*Goal of the exercise*
Begin at the line that holds "鬼滅の刃 グッズ,猗窩座 - 1200mL" and copy each line exactly until the data below ends, including that last line but no pictures.

*Data shown*
-- Opening Marker --

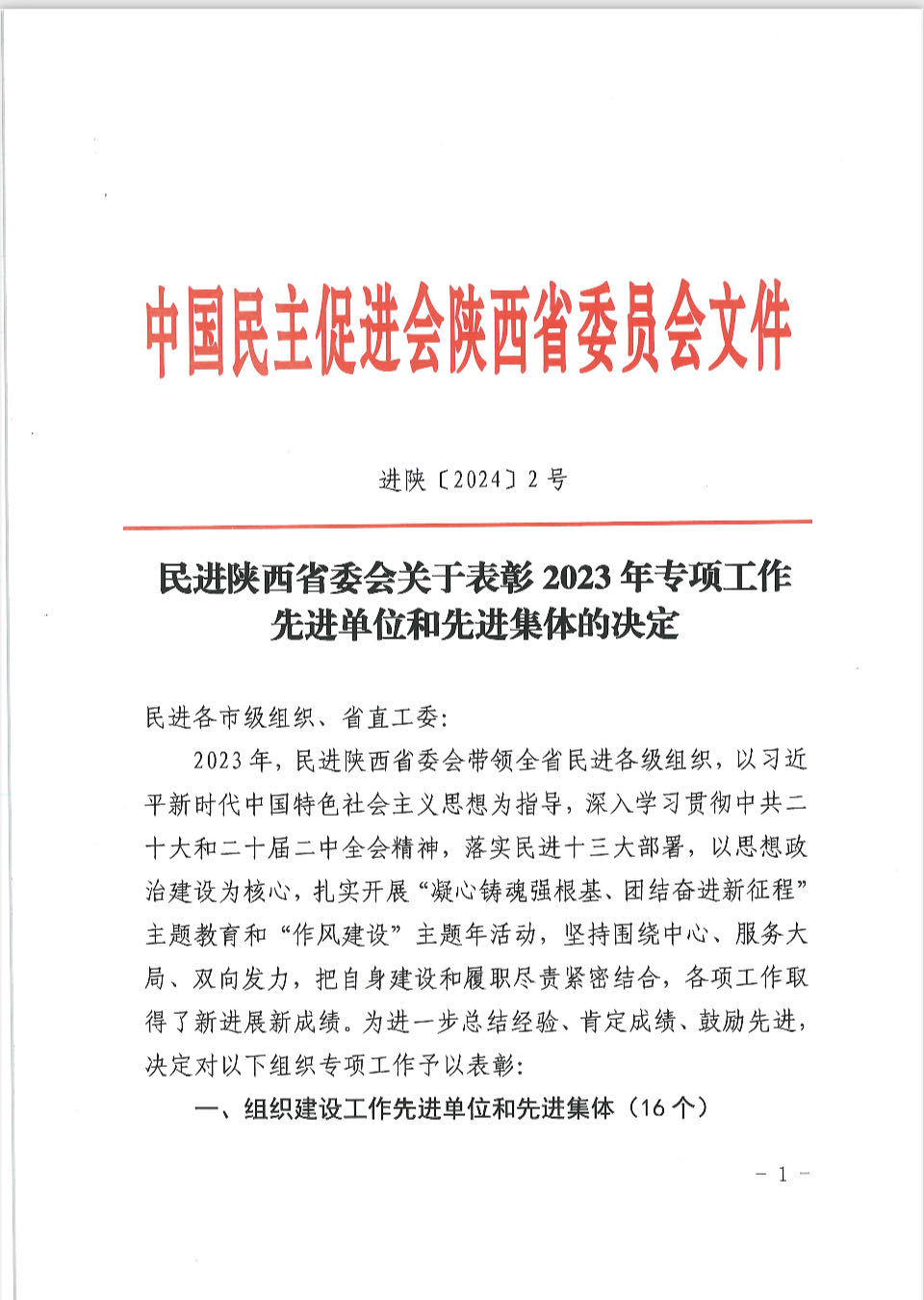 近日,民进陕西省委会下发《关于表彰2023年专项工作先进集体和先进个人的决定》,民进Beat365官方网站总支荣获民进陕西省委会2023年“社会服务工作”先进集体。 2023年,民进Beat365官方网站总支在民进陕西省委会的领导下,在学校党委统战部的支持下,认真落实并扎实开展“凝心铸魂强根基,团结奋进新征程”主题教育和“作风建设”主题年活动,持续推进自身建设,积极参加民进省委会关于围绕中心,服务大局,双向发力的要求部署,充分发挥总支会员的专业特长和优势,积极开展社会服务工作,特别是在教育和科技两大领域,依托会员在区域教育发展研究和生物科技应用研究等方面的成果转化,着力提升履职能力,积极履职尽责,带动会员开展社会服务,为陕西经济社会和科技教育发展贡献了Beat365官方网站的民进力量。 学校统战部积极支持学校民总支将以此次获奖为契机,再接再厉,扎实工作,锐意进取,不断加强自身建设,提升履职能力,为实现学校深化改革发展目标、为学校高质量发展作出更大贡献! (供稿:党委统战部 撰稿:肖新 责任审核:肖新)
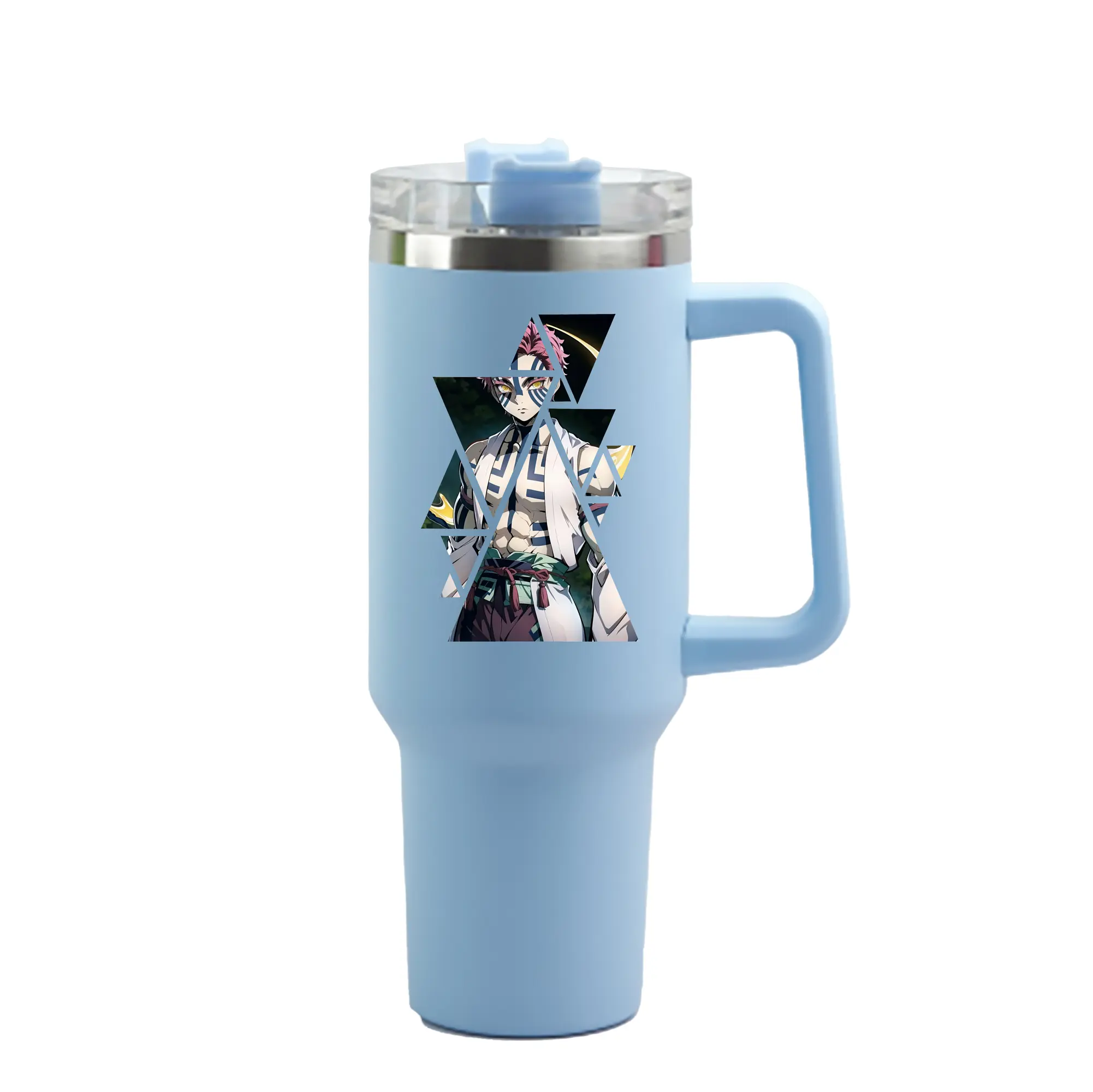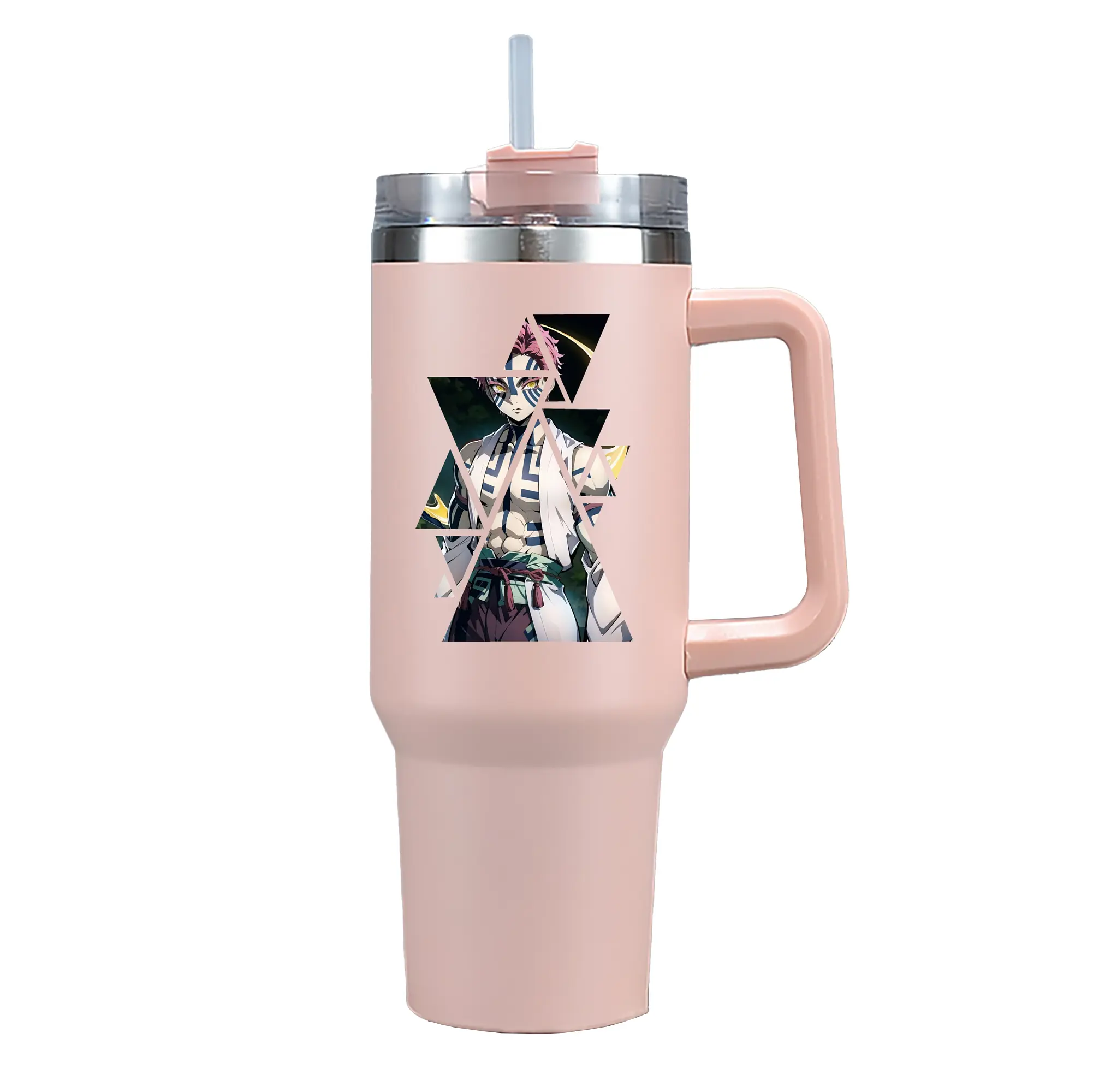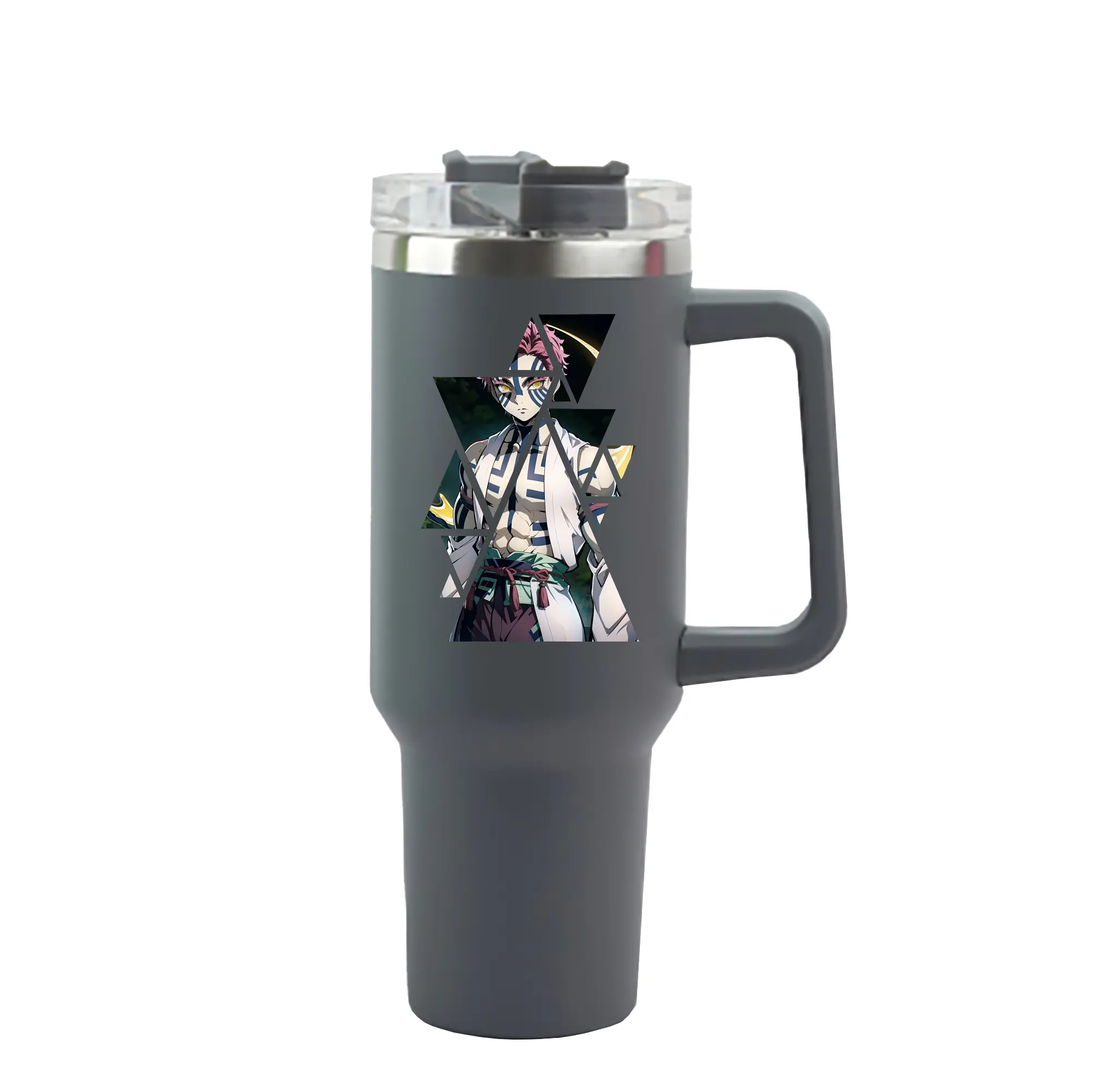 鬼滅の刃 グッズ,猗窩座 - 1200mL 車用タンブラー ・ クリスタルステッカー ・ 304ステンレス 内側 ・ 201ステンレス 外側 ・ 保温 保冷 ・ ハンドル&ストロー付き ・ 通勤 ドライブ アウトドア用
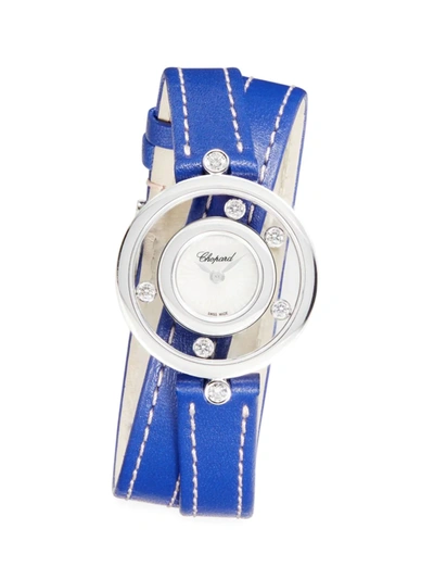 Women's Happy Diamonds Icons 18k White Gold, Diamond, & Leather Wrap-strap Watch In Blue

-- Closing Marker --

*Written answer*
 鬼滅の刃 グッズ,猗窩座 - 1200mL 車用タンブラー ・ クリスタルステッカー ・ 304ステンレス 内側 ・ 201ステンレス 外側 ・ 保温 保冷 ・ ハンドル&ストロー付き ・ 通勤 ドライブ アウトドア用
 Women's Happy Diamonds Icons 18k White Gold, Diamond, & Leather Wrap-strap Watch In Blue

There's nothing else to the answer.